By Kevin Werner, News Staff
Dialogue Partners would like to continue working with the city of Hamiltonto talk to residents about their views on city services.
But councillors wondered whether residents would want to talk to the public relations firm after a week-long series of controversies that scuttled the launch of the Our Voice Our Hamilton citizen engagement project.
“I acknowledge and apologize for our mistakes and missteps,” said Stephani Roy McCallum, managing director for the Ottawa-based Dialogue Partners. “We should not have asked ‘What is HSR? We are humbled by the voices we have received in the last seven days.”
The citizen engagement project, a 15-month-long attempt to talk to residents using social media, about how city services should fulfill their needs, had its public kickoff Jan. 7. But the project was quickly overshadowed by a series of fumbles.
The campaign offered up a Facebook page, a website, and a Twitter feed to encourage interactive conversations with residents about their use of city services.
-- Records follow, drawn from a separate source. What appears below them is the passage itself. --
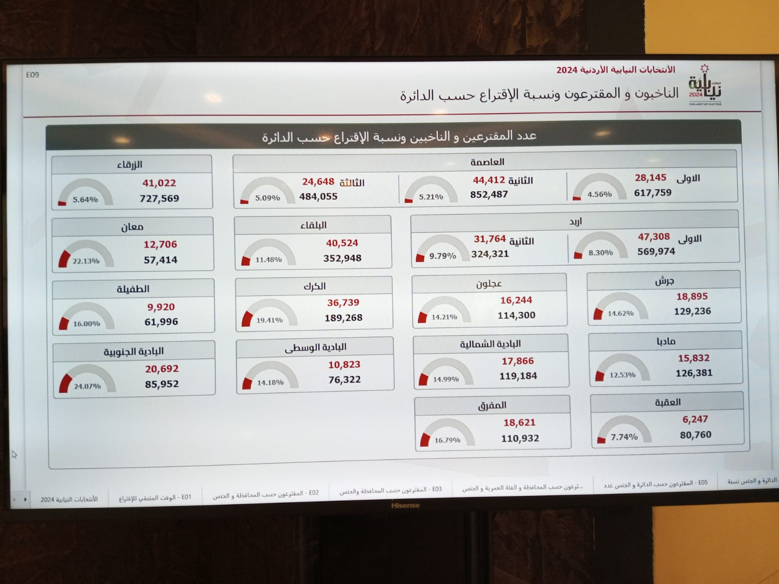 وسجلت البادية الجنوبية أعلى نسبة اقتراع حيث وصلت 23.8% في حين سجلت عمان الاولى أدنى نسبة اقتراع بـ 4.5% من إجمالي عدد الناخبين.
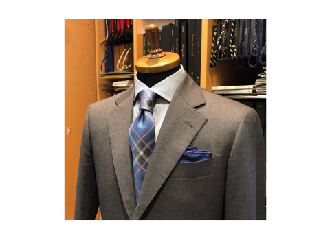 ネイビーのスーツでもグレーのスーツでも合う落ち着いた色合いと大きめのチェックが素晴らしいバランスに仕上がっています。
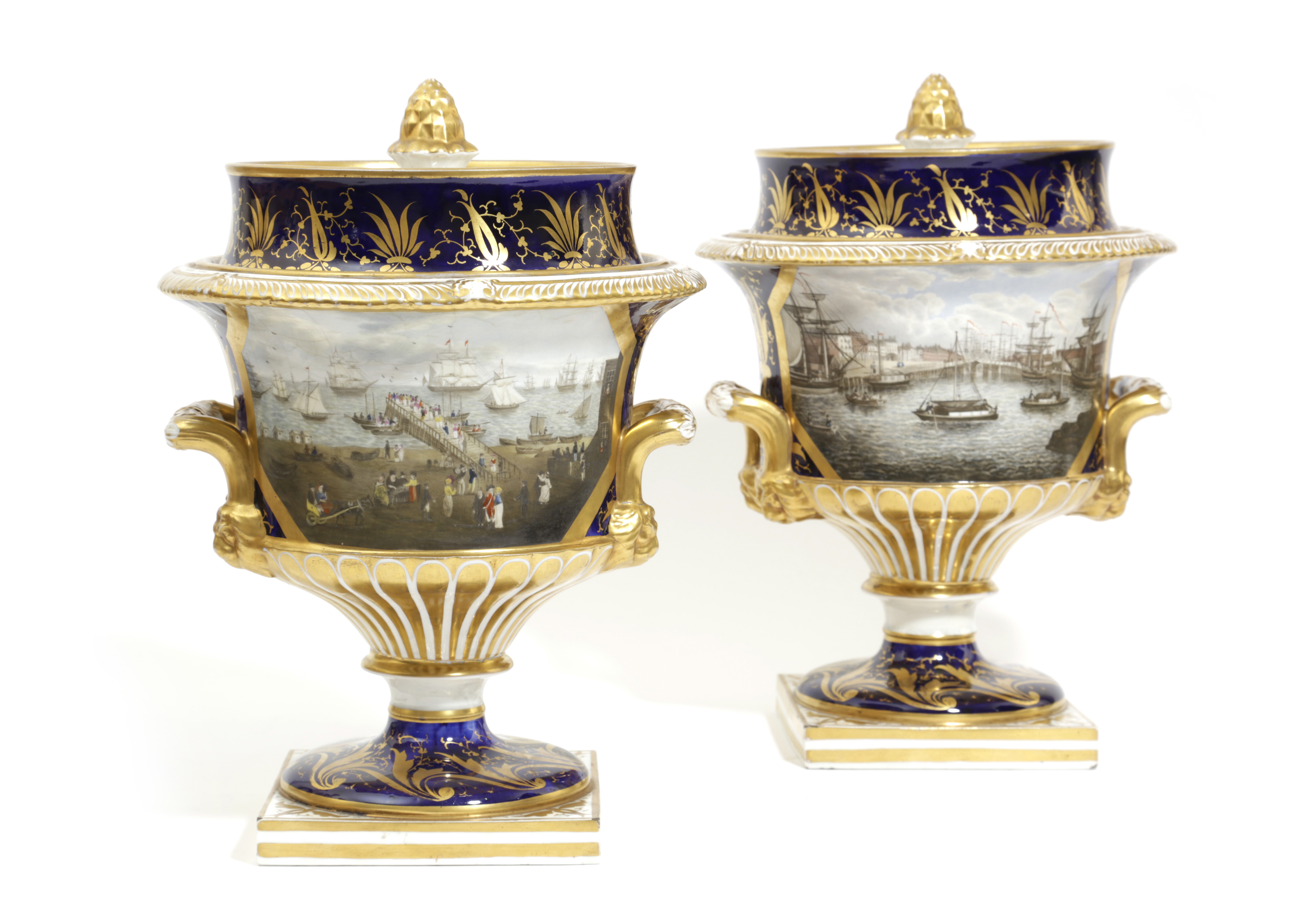 painted with views titled 'A North West View of the Quay of Great Yarmouth' and 'A. N. W. View of the Jetty at Yarmouth', from engravings by Robert Pollard after J Butcher, in canted gilt cartouches, the reverse decorated with musical devices, on a deep blue ground with gilt foliage, the rims with grey marbling, between a pair of handles with lion masks, on socle stems and square feet, the covers with cone finials, iron red inscription and view titles (2)
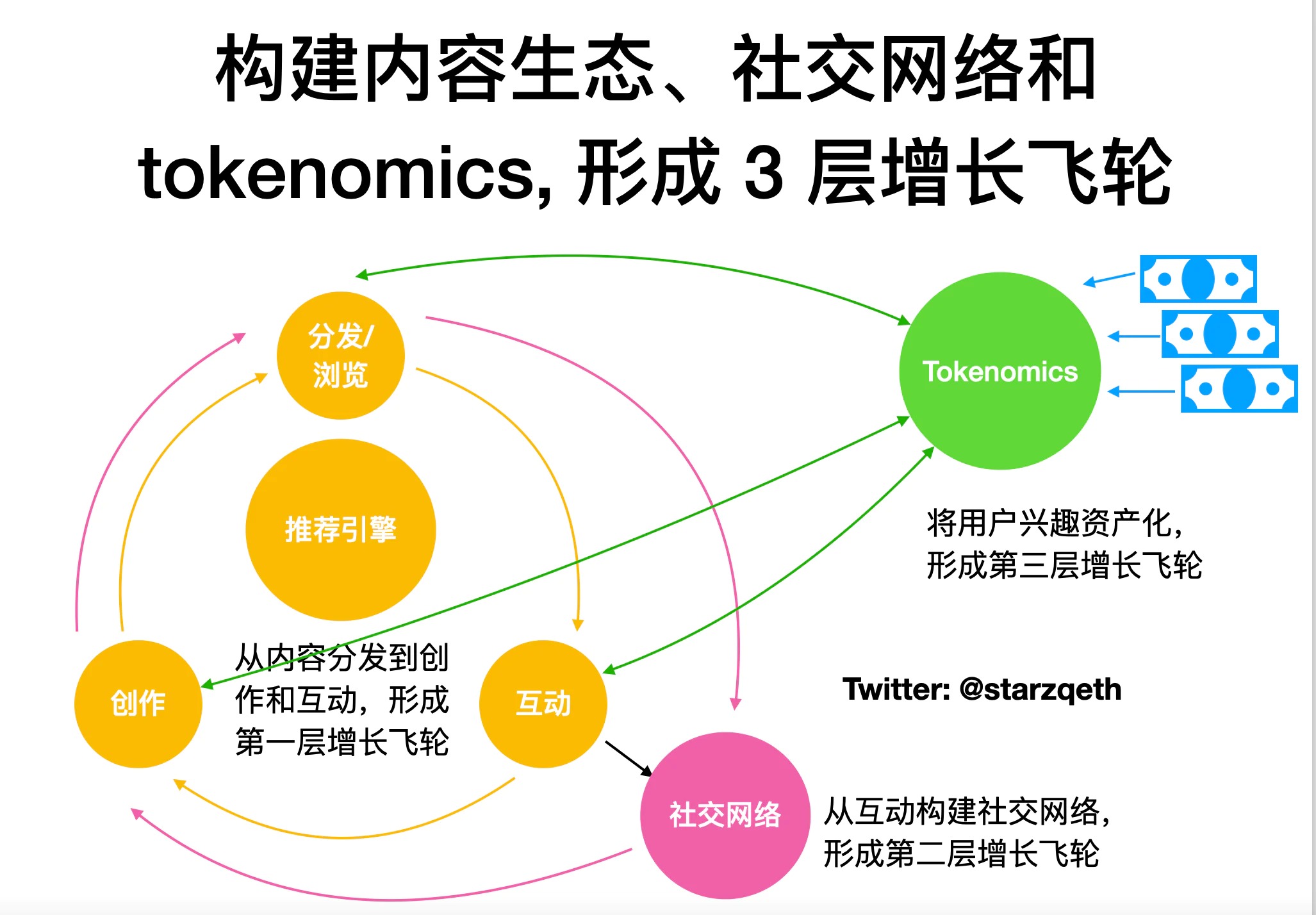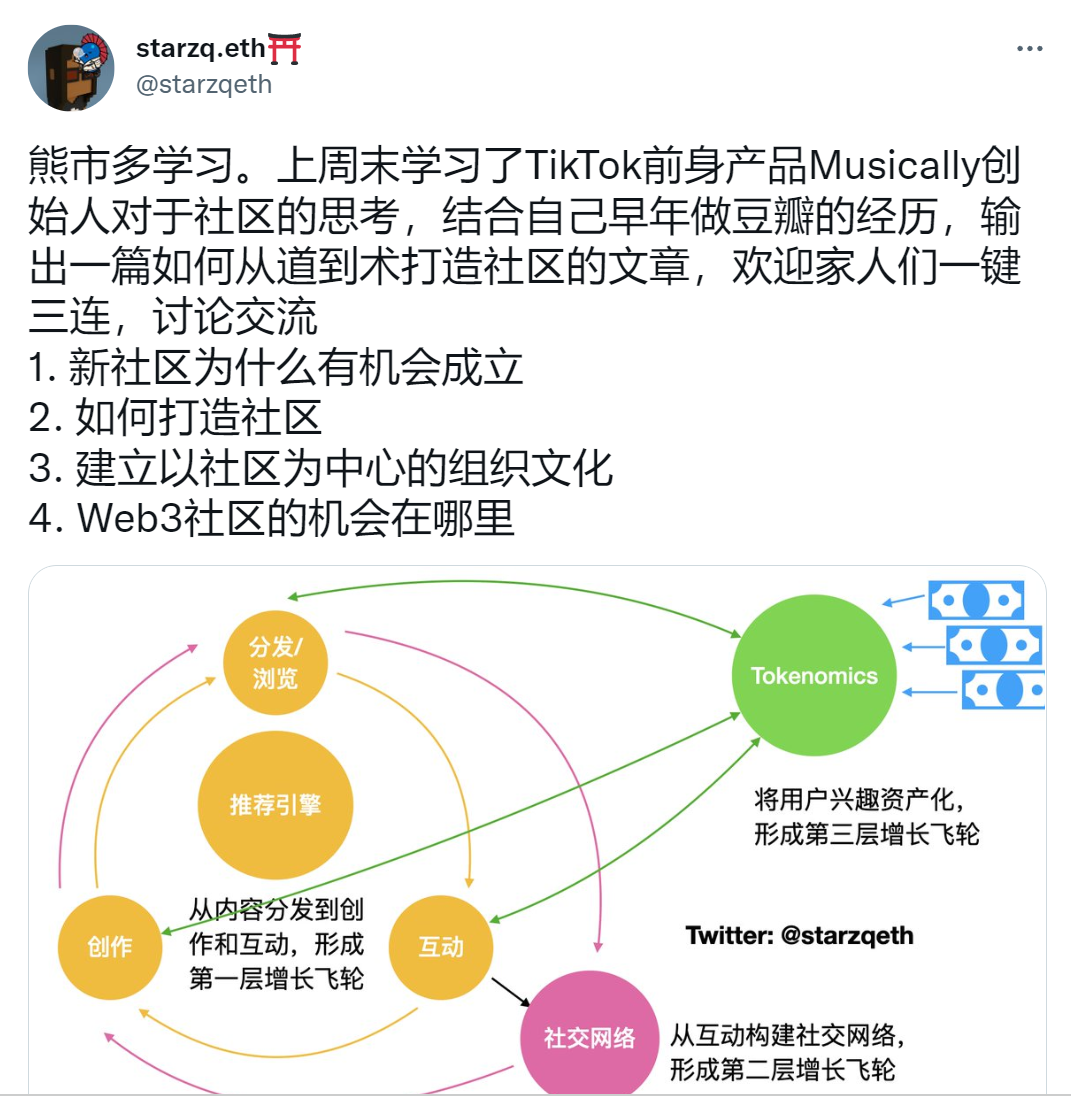 这个共赢关系会激励用户在社区有更多行为,合理的 tokenomics 设计可以支撑起这个关系,带来推荐引擎和社交网络之外的第三层增长飞轮
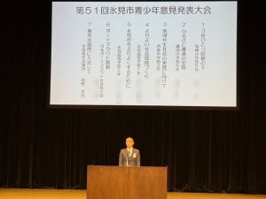 氷見青年会議所の紹介と方針説明では、赤壁理事長が「地域の新たな魅力の発掘」「ブランディングや共感を高めるための情報発信と交流」「JCの理念を理解した上での会員拡大」の3つに重点を置き活動を行っていく抱負を語りました。
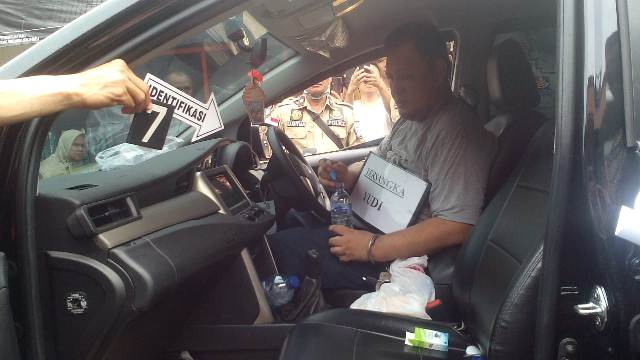 Tersangka Yudhi dan korban Apriyanita tetap berada di dalam mobil di depan ATM.
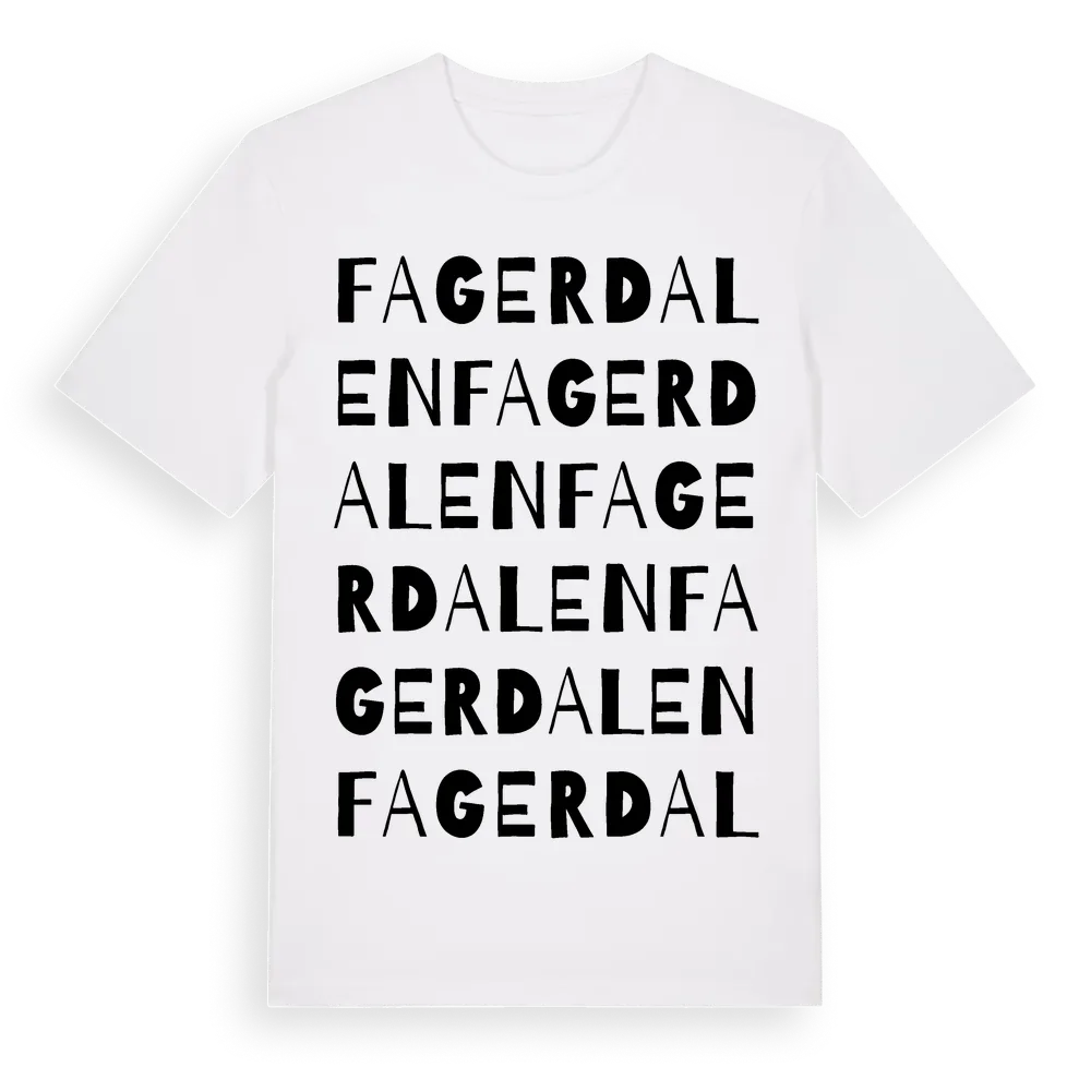 Fagerdalen ordlek t-shirt är inspirerad av Fagerdalen i Uppsala län, Sverige. Tröjan är designad för dig som har en speciell koppling till platsen – oavsett om du bor här, har rötterna här eller bara älskar Fagerdalen.

“We heard from residents that this is a passion and interest,” said McCallum.
Late Jan. 7 during a conversation on Twitter, one of Dialogue Partner’s nine-full-time employees tweeted “What is HSR?” to a question that was posted. McCallum said the employee actually did know what HSR stood for, but “she was attempting to facilitate the conversation.
“Twitter and Facebook,” she told politicians “are not tools for a conversation on meaningful issues.”
Dialogue Partners won the city’s bid to oversee the engagement project, plus train about 25 city staff on public interaction for about $376,000. The company began its work last April, with the expectation the project would begin September 2012 to talk about infrastructure problems. But city officials delayed the launch to January, 2013, to include all city services.
The resulting “What is HSR?” comment, though, consumed the rest of the postings that evening, leading to criticism that Dialogue Partners didn’t know anything about Hamilton. That view was reinforced a day later when photos of other Hamilton municipalities, such as in Hamilton, Ohio, were posted on Pinterest.
Further complicating the issue was negative stories from the local media about the mistakes, and a virus that was inserted within the Our Voice Our Hamilton website, said McCallum. She suggested that some social media users were trying to sabotage the company’s engagement process.
She said a small group of people “bullied” other Twitter users who offered support for the company.
“Some of the loud voices drowned out the other views,” she said.
The situation continued to go downhill when on Jan. 9, Dialogue Partners agreed to a suggestion from City Manager Chris Murray to take down the website for “offensive and inaccurate comments” and to not respond to media requests. It was a decision, said McCallum that she didn’t agree.
McCallum, who has also facilitated citizen engagement processes inCalgary, and Edmonton, over such issues as nuclear waste, health care and colonialism, told councillors the best approach was to “step into the conversation 150 per cent” rather than keep silent.
“We offered that to the city,” said McCallum, adding she did “respected” the city’s decision not to respond to media inquiries.”
Murraysaid he made the decision to take down the website, cancel the Jan. 13 public meeting on the project on the Mountain, and requested the company remain silent.
“I had some serious concerns of the website,” he said. “I didn’t want to allow the issue to perpetuate.”
Dialogue Partners’ silence was broken Jan. 10 when McCallum issued a lengthy apology and explanation on what occurred. McCallum continued her apology when she appeared before councillors Jan. 14.
McCallum endured a long and intense question period from politicians, who repeatedly asked who posted the wrong photos on the website, and Pinterest board.
“I do not know,” said McCallum.
Ward 4 councillor Sam Merulla, who during the controversy said the company has lost its creditably with residents, continued to push for the city to break the contract with Dialogue Partners.
“Trust has played a critical role,” he said. “People no longer want to engage (with the company) in the process.”
In answer to a question from Mountain councillor Tom Jackson, McCallum said she would be willing to look at a new contract with the city.
“I’m always open to a conversation,” she said.
Still, after a long in-camera meeting, councillors will wait until the Jan. 23 council meeting before deciding if they should end Dialogue Partner’s contract. City staff is expected to provide a recommendation to politicians for review.